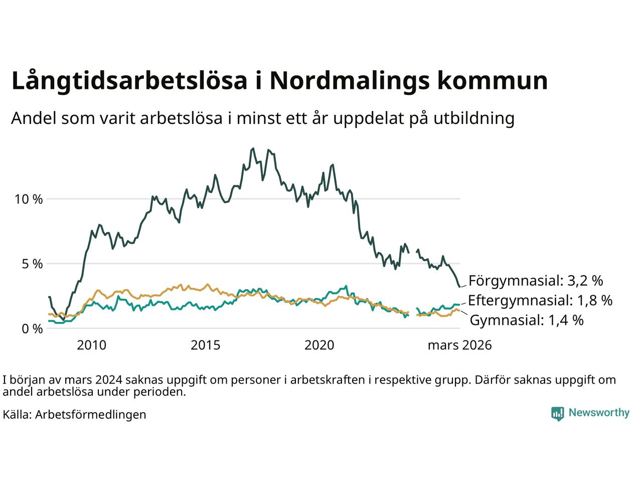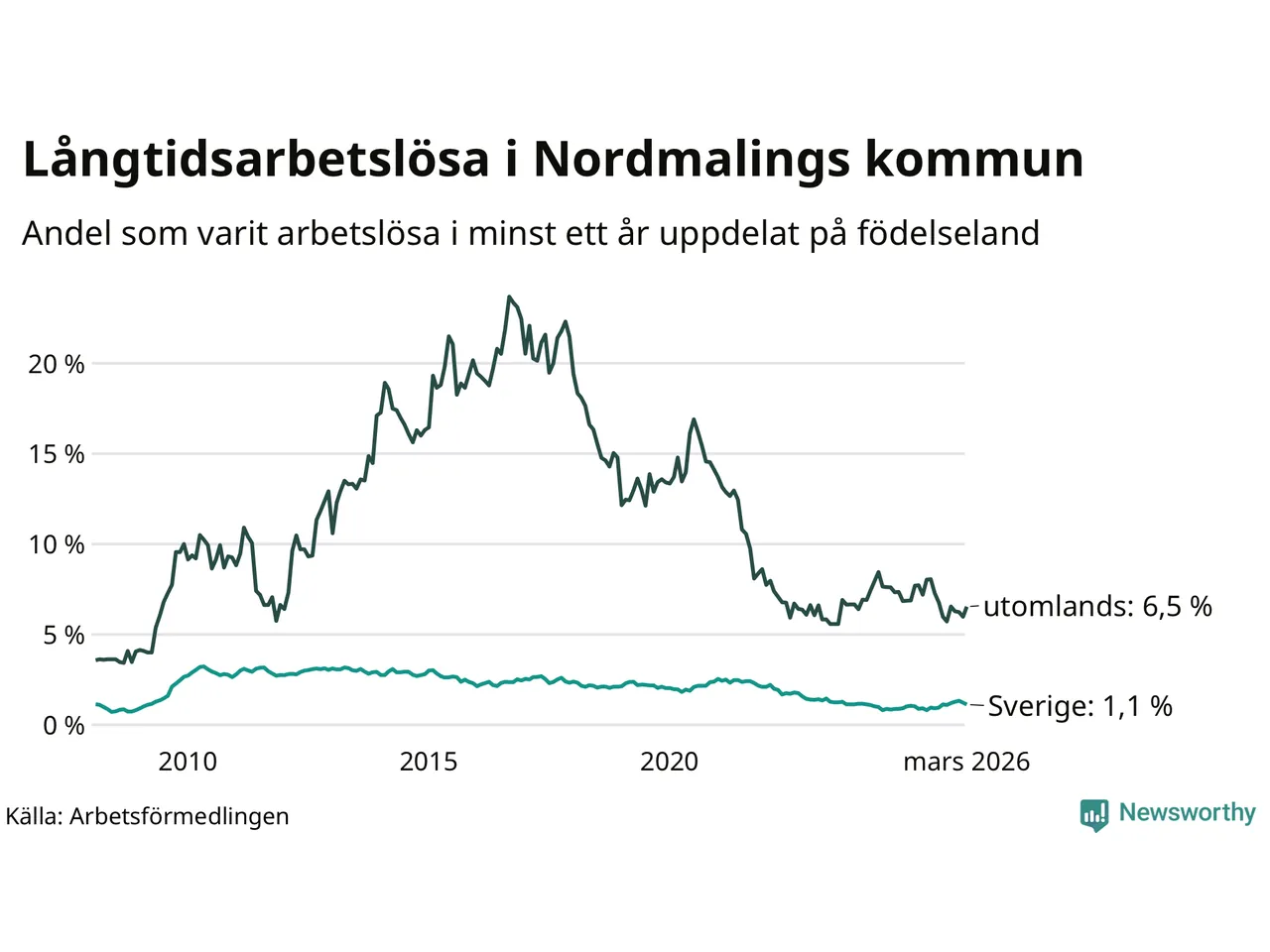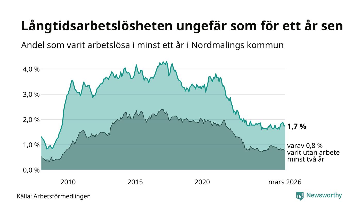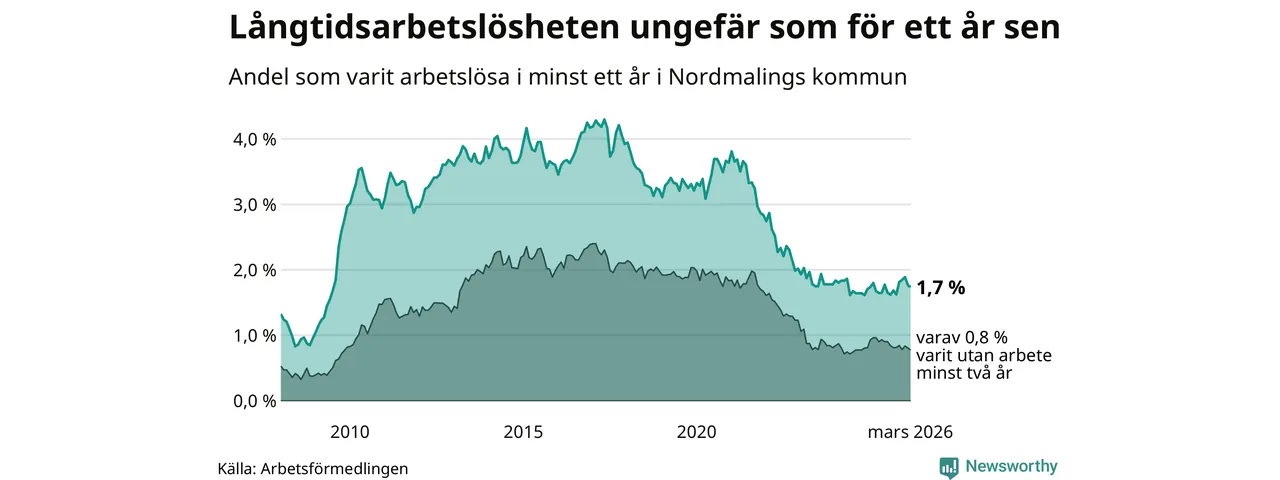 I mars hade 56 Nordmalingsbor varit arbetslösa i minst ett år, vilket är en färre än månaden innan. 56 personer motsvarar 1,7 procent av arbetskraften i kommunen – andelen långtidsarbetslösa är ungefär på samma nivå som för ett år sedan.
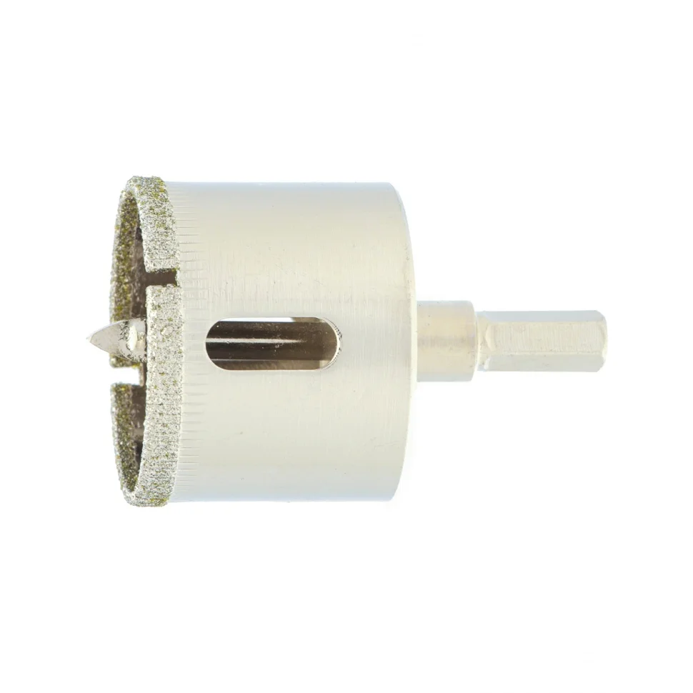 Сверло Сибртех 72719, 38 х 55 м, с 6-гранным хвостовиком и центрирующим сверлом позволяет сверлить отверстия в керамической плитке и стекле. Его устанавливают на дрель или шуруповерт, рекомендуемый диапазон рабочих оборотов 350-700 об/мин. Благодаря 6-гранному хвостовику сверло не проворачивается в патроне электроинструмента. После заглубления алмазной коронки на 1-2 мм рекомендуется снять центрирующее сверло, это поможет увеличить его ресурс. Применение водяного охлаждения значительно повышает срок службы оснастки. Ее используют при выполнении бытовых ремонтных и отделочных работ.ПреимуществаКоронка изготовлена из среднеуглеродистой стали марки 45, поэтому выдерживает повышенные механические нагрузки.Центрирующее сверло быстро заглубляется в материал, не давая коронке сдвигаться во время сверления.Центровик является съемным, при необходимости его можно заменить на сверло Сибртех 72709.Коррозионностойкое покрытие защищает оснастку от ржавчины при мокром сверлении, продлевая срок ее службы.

* * *

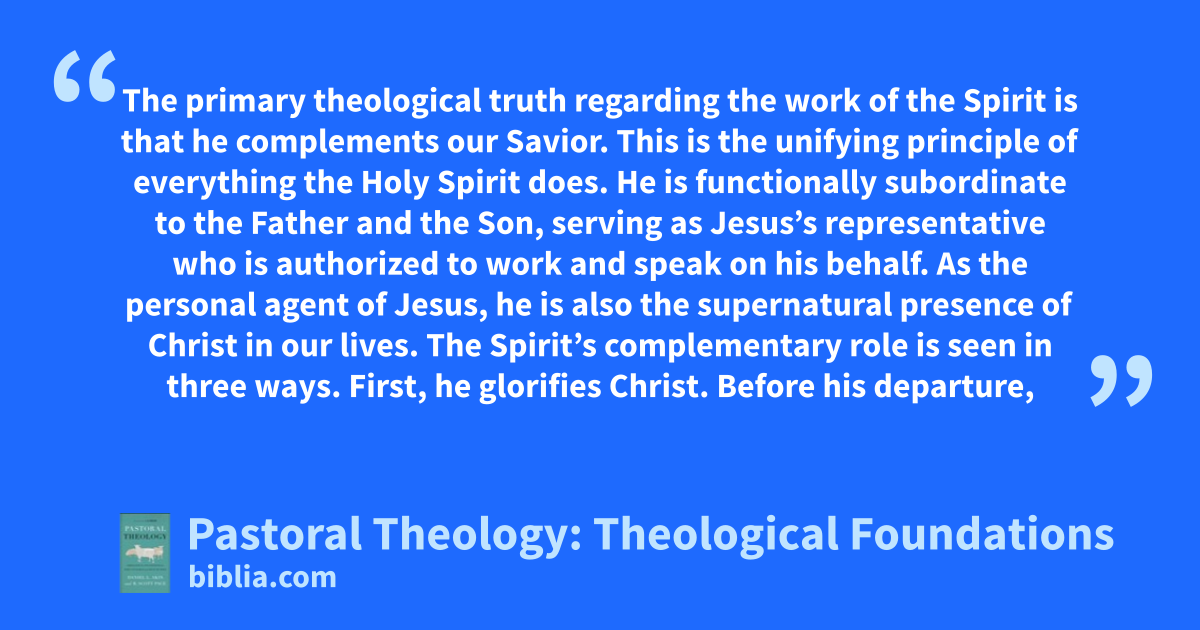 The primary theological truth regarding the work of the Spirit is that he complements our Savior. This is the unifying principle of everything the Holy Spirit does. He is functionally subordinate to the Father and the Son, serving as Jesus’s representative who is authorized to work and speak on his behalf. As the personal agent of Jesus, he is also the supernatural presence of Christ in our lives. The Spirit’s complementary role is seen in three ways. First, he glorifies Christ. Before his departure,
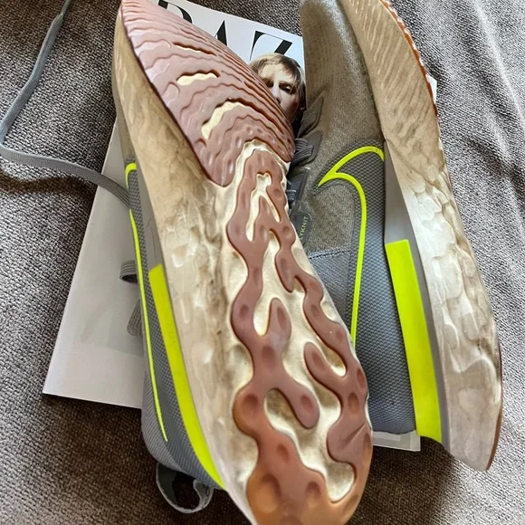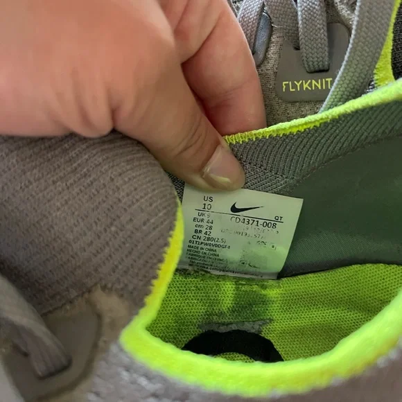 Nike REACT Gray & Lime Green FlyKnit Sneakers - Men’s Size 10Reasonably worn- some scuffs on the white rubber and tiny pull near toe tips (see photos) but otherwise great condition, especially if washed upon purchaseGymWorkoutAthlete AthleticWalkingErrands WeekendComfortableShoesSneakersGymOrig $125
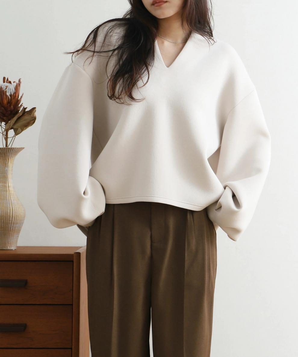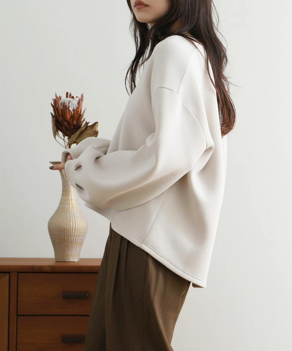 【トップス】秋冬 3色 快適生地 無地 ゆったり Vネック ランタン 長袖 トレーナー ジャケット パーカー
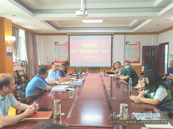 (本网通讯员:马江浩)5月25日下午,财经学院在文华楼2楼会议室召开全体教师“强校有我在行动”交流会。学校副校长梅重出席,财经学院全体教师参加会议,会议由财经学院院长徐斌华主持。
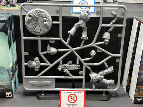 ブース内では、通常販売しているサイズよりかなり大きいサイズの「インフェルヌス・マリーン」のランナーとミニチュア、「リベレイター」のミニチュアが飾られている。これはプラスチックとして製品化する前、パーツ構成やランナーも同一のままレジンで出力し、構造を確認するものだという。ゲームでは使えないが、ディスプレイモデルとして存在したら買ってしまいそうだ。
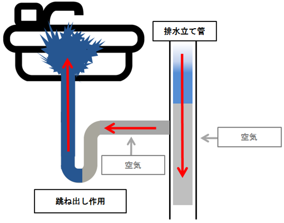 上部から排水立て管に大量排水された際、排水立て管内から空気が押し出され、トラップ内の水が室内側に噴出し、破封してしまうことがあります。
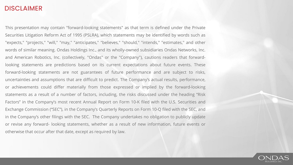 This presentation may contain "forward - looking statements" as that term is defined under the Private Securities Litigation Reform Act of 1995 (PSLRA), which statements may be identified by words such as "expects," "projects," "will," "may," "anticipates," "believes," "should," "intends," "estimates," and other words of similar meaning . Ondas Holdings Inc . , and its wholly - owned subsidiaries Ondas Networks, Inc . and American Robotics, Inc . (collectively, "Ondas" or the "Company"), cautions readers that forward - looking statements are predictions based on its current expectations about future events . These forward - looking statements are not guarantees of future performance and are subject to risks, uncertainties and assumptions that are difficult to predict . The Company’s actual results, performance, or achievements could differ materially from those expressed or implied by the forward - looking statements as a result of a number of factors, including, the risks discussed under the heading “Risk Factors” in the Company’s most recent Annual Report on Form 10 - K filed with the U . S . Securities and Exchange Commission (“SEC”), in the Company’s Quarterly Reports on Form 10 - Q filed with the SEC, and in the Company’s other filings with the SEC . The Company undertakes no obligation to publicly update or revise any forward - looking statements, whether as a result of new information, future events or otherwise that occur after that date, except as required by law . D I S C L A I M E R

==

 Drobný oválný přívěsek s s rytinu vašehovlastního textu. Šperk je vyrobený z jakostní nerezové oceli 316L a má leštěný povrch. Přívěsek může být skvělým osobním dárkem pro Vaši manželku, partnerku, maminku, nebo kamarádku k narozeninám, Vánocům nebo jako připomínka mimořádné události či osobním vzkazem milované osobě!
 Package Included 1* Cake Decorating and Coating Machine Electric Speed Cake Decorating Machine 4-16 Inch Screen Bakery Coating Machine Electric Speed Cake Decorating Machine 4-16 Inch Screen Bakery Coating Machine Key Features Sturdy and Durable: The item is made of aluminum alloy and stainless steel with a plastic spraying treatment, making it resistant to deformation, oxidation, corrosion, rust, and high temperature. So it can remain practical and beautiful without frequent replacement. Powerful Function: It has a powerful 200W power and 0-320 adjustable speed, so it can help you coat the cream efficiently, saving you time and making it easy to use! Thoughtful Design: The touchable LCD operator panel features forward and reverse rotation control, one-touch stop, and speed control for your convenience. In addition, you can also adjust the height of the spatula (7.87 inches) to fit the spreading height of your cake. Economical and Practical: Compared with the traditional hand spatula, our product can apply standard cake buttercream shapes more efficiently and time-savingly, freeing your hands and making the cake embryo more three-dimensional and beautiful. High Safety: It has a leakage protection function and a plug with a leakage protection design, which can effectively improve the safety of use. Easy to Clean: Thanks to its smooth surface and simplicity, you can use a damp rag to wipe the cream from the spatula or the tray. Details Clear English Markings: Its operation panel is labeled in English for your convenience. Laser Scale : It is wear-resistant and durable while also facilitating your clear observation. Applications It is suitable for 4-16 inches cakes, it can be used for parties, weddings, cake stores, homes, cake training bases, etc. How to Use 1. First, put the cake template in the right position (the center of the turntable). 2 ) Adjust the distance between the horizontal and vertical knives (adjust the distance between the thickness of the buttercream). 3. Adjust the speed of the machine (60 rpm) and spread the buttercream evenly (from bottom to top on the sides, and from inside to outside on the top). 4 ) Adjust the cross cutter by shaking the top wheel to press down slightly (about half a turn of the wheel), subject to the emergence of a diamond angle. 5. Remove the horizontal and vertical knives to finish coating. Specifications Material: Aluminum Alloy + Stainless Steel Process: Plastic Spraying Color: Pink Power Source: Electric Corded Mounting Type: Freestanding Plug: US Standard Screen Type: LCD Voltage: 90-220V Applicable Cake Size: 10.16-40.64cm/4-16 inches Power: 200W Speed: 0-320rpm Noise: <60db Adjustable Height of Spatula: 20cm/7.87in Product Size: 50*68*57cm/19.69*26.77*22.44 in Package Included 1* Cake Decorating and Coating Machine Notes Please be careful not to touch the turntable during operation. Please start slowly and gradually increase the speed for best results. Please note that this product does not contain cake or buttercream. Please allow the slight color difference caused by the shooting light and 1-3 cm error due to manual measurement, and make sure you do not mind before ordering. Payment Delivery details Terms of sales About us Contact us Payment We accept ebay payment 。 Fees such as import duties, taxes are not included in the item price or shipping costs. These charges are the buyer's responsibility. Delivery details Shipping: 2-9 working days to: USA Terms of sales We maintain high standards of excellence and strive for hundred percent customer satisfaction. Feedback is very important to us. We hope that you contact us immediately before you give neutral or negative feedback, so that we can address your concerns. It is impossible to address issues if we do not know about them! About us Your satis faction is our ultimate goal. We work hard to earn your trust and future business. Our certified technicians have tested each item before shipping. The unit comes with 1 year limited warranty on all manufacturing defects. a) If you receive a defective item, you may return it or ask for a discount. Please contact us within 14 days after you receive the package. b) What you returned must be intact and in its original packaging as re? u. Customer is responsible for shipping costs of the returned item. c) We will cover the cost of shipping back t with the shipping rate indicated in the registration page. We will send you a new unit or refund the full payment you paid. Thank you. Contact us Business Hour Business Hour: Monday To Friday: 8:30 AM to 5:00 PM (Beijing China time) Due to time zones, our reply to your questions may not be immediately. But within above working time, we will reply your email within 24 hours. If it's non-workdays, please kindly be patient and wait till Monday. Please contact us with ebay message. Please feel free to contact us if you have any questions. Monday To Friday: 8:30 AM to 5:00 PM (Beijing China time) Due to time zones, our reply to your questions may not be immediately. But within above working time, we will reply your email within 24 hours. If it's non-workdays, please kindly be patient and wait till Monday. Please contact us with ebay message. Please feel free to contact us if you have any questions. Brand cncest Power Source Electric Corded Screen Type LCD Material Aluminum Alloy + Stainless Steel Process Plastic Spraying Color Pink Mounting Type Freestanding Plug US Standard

> _Exercise requirements_
In the listing above, find the line containing "Nike REACT Gray" and the line containing "上部から排水立て管に大量排水", then print exactly those two lines and every line between them, minus the pictures.

> _Reply_
 Nike REACT Gray & Lime Green FlyKnit Sneakers - Men’s Size 10Reasonably worn- some scuffs on the white rubber and tiny pull near toe tips (see photos) but otherwise great condition, especially if washed upon purchaseGymWorkoutAthlete AthleticWalkingErrands WeekendComfortableShoesSneakersGymOrig $125
 【トップス】秋冬 3色 快適生地 無地 ゆったり Vネック ランタン 長袖 トレーナー ジャケット パーカー
 (本网通讯员:马江浩)5月25日下午,财经学院在文华楼2楼会议室召开全体教师“强校有我在行动”交流会。学校副校长梅重出席,财经学院全体教师参加会议,会议由财经学院院长徐斌华主持。
 ブース内では、通常販売しているサイズよりかなり大きいサイズの「インフェルヌス・マリーン」のランナーとミニチュア、「リベレイター」のミニチュアが飾られている。これはプラスチックとして製品化する前、パーツ構成やランナーも同一のままレジンで出力し、構造を確認するものだという。ゲームでは使えないが、ディスプレイモデルとして存在したら買ってしまいそうだ。
 上部から排水立て管に大量排水された際、排水立て管内から空気が押し出され、トラップ内の水が室内側に噴出し、破封してしまうことがあります。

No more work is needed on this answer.